Hello!
I want to use the de_novo
function but I’m not sure if I understand the documentation correctly, and if so, then I’d like to ask for help
It’s about the prior
parameter: It is the maximum of: the computed dataset alternate allele frequency, the pop_frequency_prior parameter, and the global prior 1 / 3e7
.
Do I understand correctly that ths value, reported back as prior
, is what is denoted as AF
in the formula for P(m)
down in the documentation?
I have a single family to analyze without a larger set of samples from the same population and so it doesn’t seem to make sense to rely on the computed dataset alternate allele frequency as the AF
. I think it would be seriously skewed due to presence of only related samples, large fraction of whom are the sick “probands”.

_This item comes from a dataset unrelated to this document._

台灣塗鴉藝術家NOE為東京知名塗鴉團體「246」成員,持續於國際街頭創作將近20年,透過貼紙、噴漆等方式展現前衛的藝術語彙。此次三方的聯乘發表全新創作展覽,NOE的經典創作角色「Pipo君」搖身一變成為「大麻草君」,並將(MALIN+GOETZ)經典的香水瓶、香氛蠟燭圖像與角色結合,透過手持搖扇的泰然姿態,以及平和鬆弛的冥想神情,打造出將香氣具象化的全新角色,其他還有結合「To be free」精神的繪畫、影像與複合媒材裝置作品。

And so I think I need to ensure that the pop_frequency_prior
is used as the AF
instead of the computed frequency. As if I had an infinity of homref samples in my vcf, next to the family. Would You agree? Is that possible?

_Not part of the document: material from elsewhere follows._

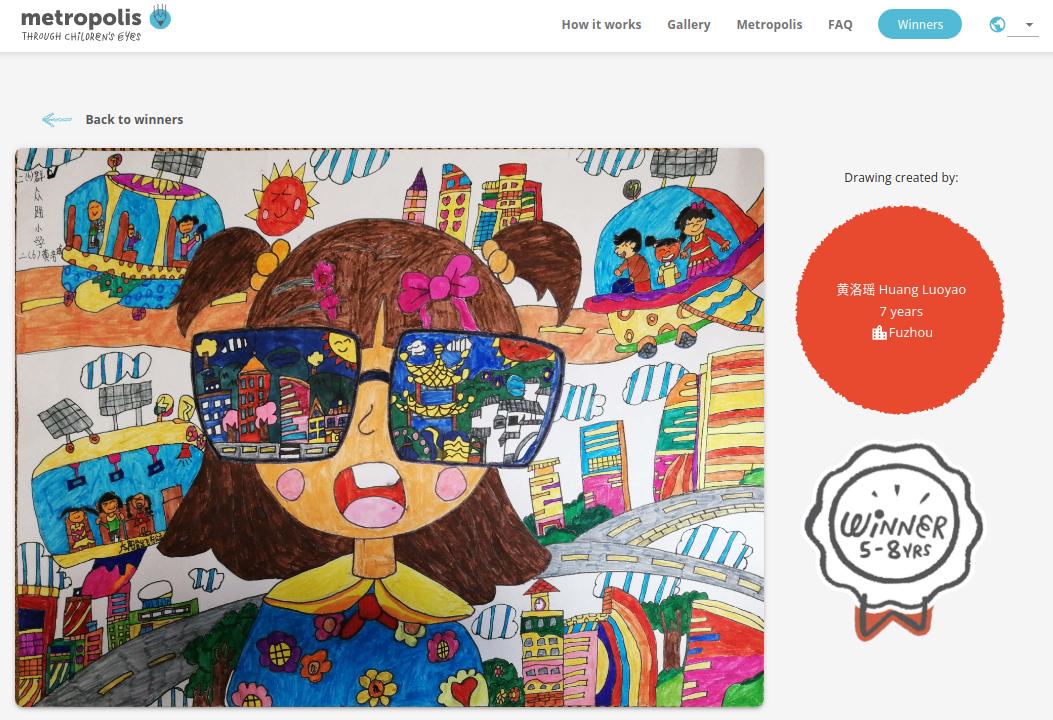 The winners of the “Metropolis Through Children’s Eyes” contest organized by Metropolis were also announced at the closing ceremony. Over 140 children from Fuzhou had actively participated in the contest. The drawing created by Huang Luoyao, a student of Fuzhou Qunzhonglu Primary School, stood out from hundreds of entries, and Huang was awarded as the only winner of the 5 - 8 age group.

This is a good question. I think your concern is valid, but fortunately the algorithm is designed to handle this case – the definition of computed dataset alternate allele frequency
is the AAF without the putative de novo allele in the individual of interest. This means that if you have a single trio, and your genotype configuration is (0/0 - 0/0) => (0/1), then the computed dataset alternate allele frequency
is 0%.
Here’s where the code implements these rules:
I see. So, in case I have more trios, I should probably just externally loop over those trios, each time filtering the columns down to the three samples and calling (something like) hl.de_novo(mt_trio, hl.Pedigree([trio]), pop_frequency_prior = mt_trio.AF)
.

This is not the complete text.